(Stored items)
# # # # # # #
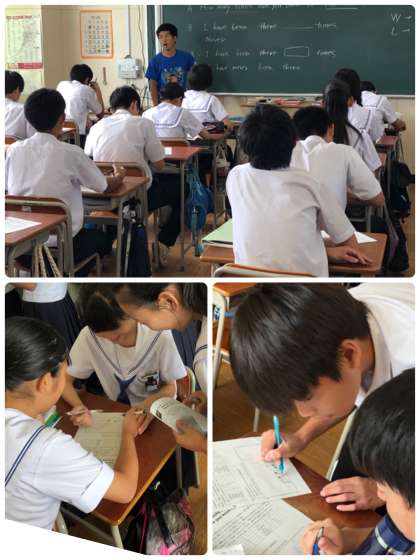日本地図を用い、話す内容や表現方法をあらかじめ固定した活動(インフォメーションギャップ型)で、できるだけ多くの生徒と交流して進めていきます。
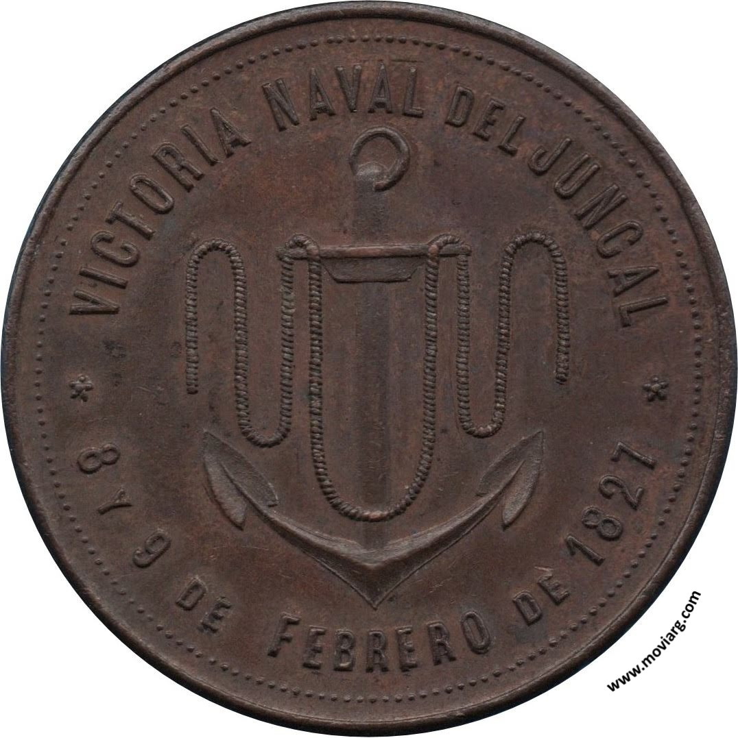 Anverso: VICTORIA NAVAL DEL JUNCAL / 8 Y 9 FEBRERO DE 1827 Reverso: HOMENAJE / AL / CAPITAN DE NAVIO / ENRIQUE SINCLAIR / UNICO SOBREVIVIENTE / EN / 1899 Referencia: | |
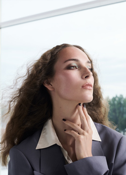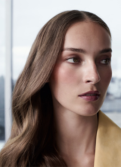 Vom harmonischen Spiel warmer und kühler Akzente geht eine starke Anziehungskraft aus. Das Puder-Rouge Tender Blush Golden Amber erwärmt Wangen, Augenlider und Schläfen, während der Pencil for Eyes in kühlem Walnut Silk dem Blick selbstsichere Tiefgründigkeit verleiht. Der Mund in tiefviolettem Purple Gem erhält durch den Lip Shine Glanz und lebendigen Ausdruck.
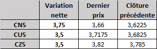 Sur le plan technique, le contrat à terme de juillet (CN5) a la possibilité de grimper, mais pas beaucoup. Il faut s'attendre à une forte résistance aux creux de mars et de janvier (3,75$ - 3,80$). La moyenne mobile à 50 jours coïncide avec le sommet de la fourchette, actuellement à 3,81$. Cependant, avant un nouveau test de ces creux, le marché devra briser sa moyenne mobile à 20 jours; le marché n'y est pas parvenu depuis le 6 avril. La situation est exactement la même pour la prochaine récolte.
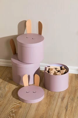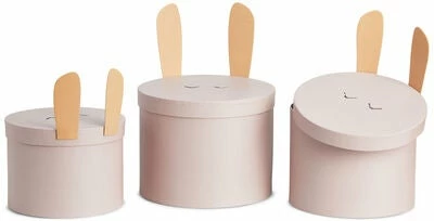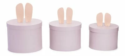 Tre søte oppbevaringsbokser i forskjellige størrelser fra Cloudberry Castle. Boksene er dekorert med små, søte kaninører i lær. Perfekte bokser å oppbevare små hemmeligheter i!
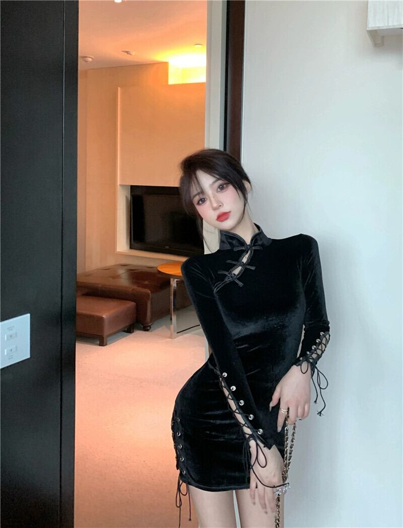 2023年春の新しい若いスタイルの中国風ネクタイセクシーなゴールドベルベットの改良されたチャイナドレス スプリング 春物 yeyij83701785544
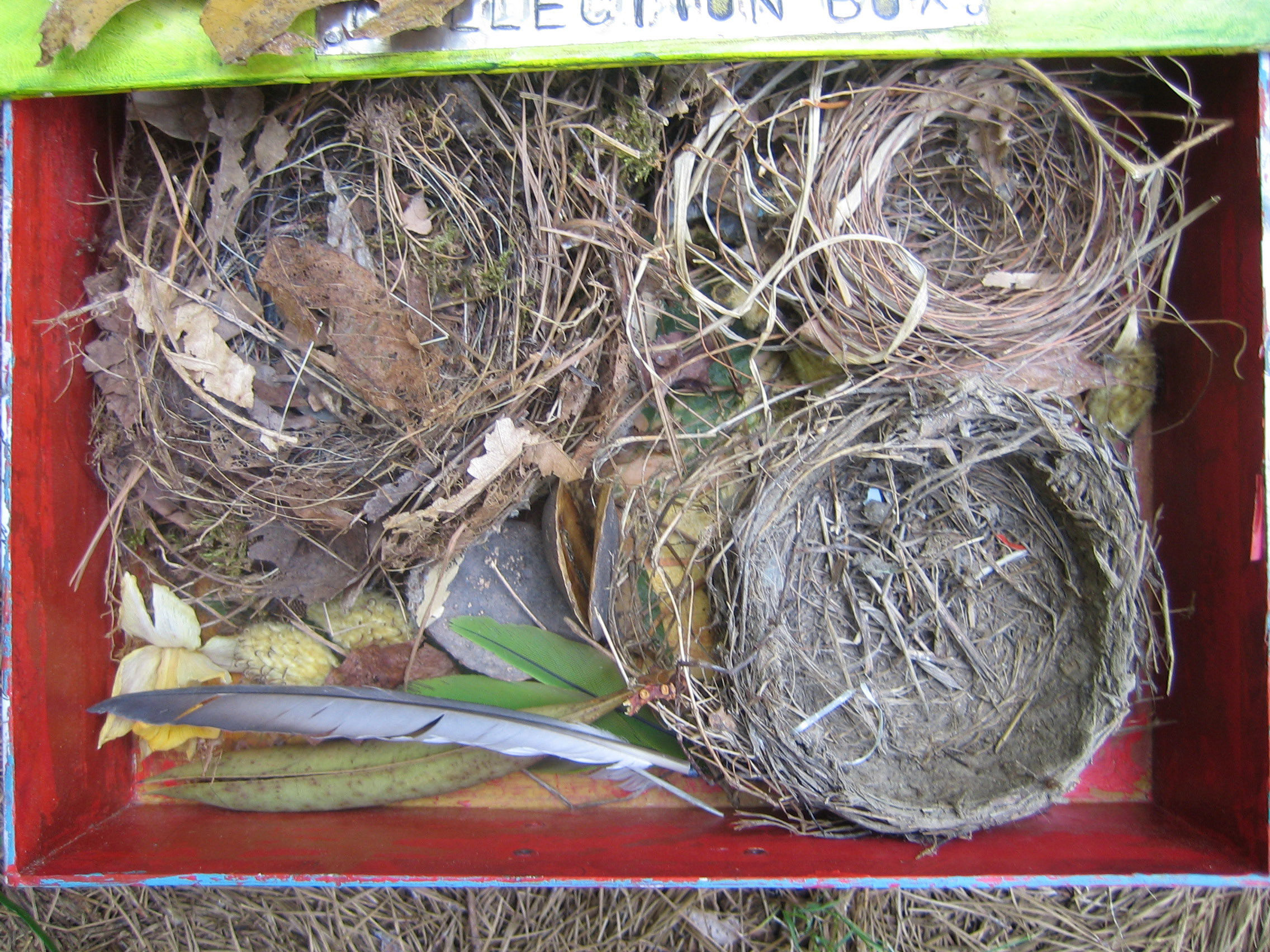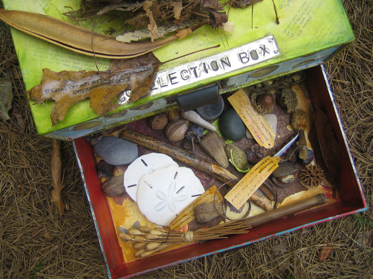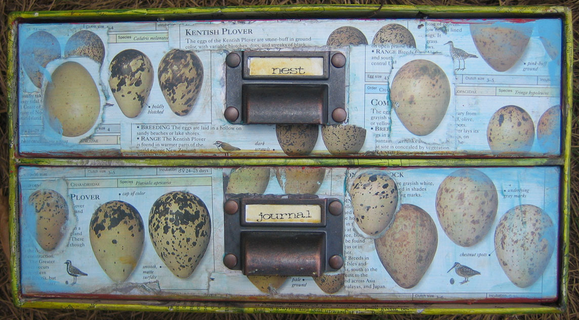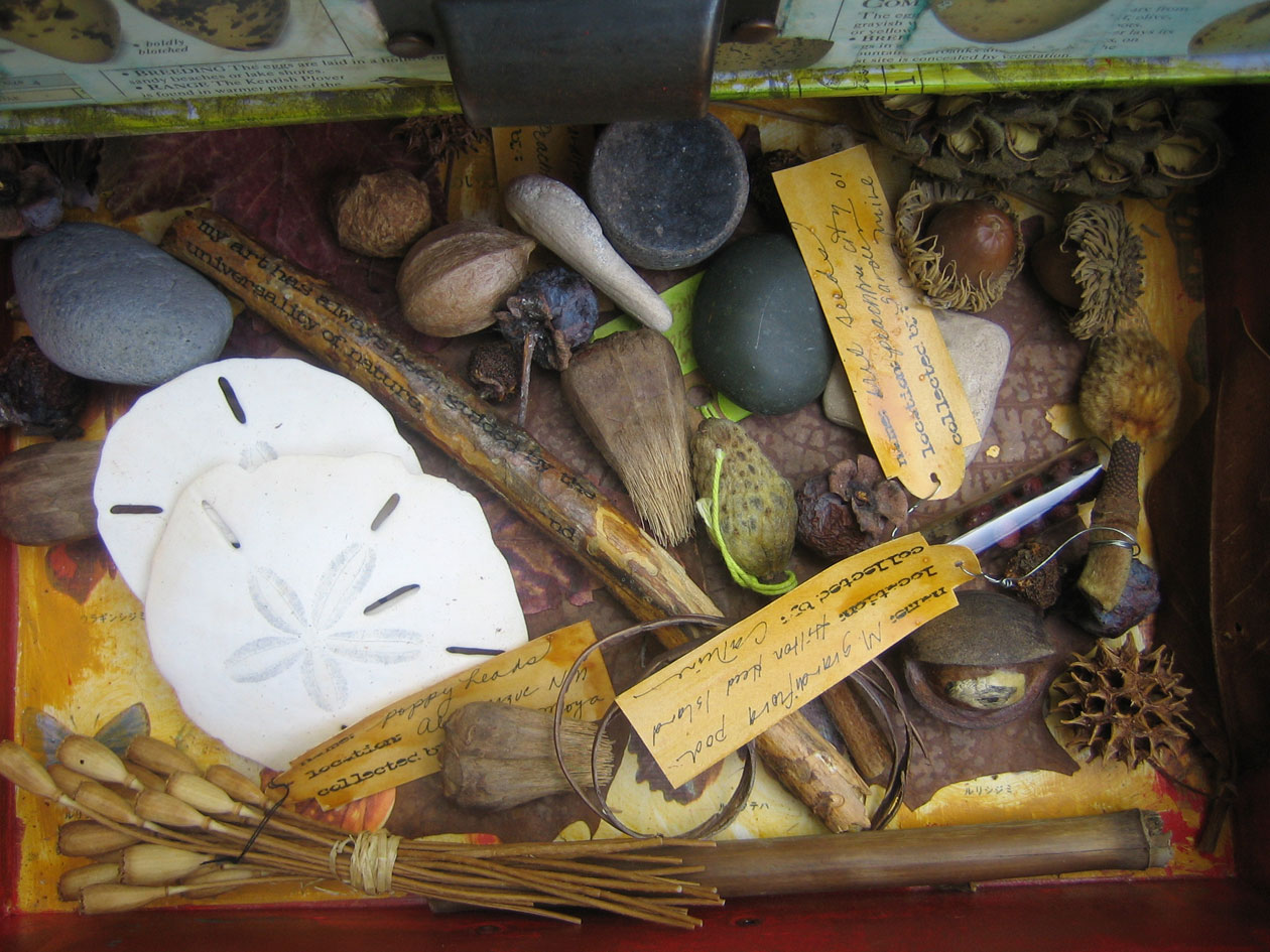 A collection of treasures found during a walk along the shore, a mountain trail, or upon the forest floor. A feather, a shell, an acorn or . . . This particular box was included in my artist portfolio back in 2001 when the Art Doll Chronicles was published. I was always secretly disappointed because you couldn't see what I had placed inside the drawers.
# # # # # # #
→ Your objective: Return every entry above exactly. Pictures stay out.

→ Output for this task:
日本地図を用い、話す内容や表現方法をあらかじめ固定した活動(インフォメーションギャップ型)で、できるだけ多くの生徒と交流して進めていきます。
 Anverso: VICTORIA NAVAL DEL JUNCAL / 8 Y 9 FEBRERO DE 1827 Reverso: HOMENAJE / AL / CAPITAN DE NAVIO / ENRIQUE SINCLAIR / UNICO SOBREVIVIENTE / EN / 1899 Referencia: | |
 Vom harmonischen Spiel warmer und kühler Akzente geht eine starke Anziehungskraft aus. Das Puder-Rouge Tender Blush Golden Amber erwärmt Wangen, Augenlider und Schläfen, während der Pencil for Eyes in kühlem Walnut Silk dem Blick selbstsichere Tiefgründigkeit verleiht. Der Mund in tiefviolettem Purple Gem erhält durch den Lip Shine Glanz und lebendigen Ausdruck.
 Sur le plan technique, le contrat à terme de juillet (CN5) a la possibilité de grimper, mais pas beaucoup. Il faut s'attendre à une forte résistance aux creux de mars et de janvier (3,75$ - 3,80$). La moyenne mobile à 50 jours coïncide avec le sommet de la fourchette, actuellement à 3,81$. Cependant, avant un nouveau test de ces creux, le marché devra briser sa moyenne mobile à 20 jours; le marché n'y est pas parvenu depuis le 6 avril. La situation est exactement la même pour la prochaine récolte.
 Tre søte oppbevaringsbokser i forskjellige størrelser fra Cloudberry Castle. Boksene er dekorert med små, søte kaninører i lær. Perfekte bokser å oppbevare små hemmeligheter i!
 2023年春の新しい若いスタイルの中国風ネクタイセクシーなゴールドベルベットの改良されたチャイナドレス スプリング 春物 yeyij83701785544
 A collection of treasures found during a walk along the shore, a mountain trail, or upon the forest floor. A feather, a shell, an acorn or . . . This particular box was included in my artist portfolio back in 2001 when the Art Doll Chronicles was published. I was always secretly disappointed because you couldn't see what I had placed inside the drawers.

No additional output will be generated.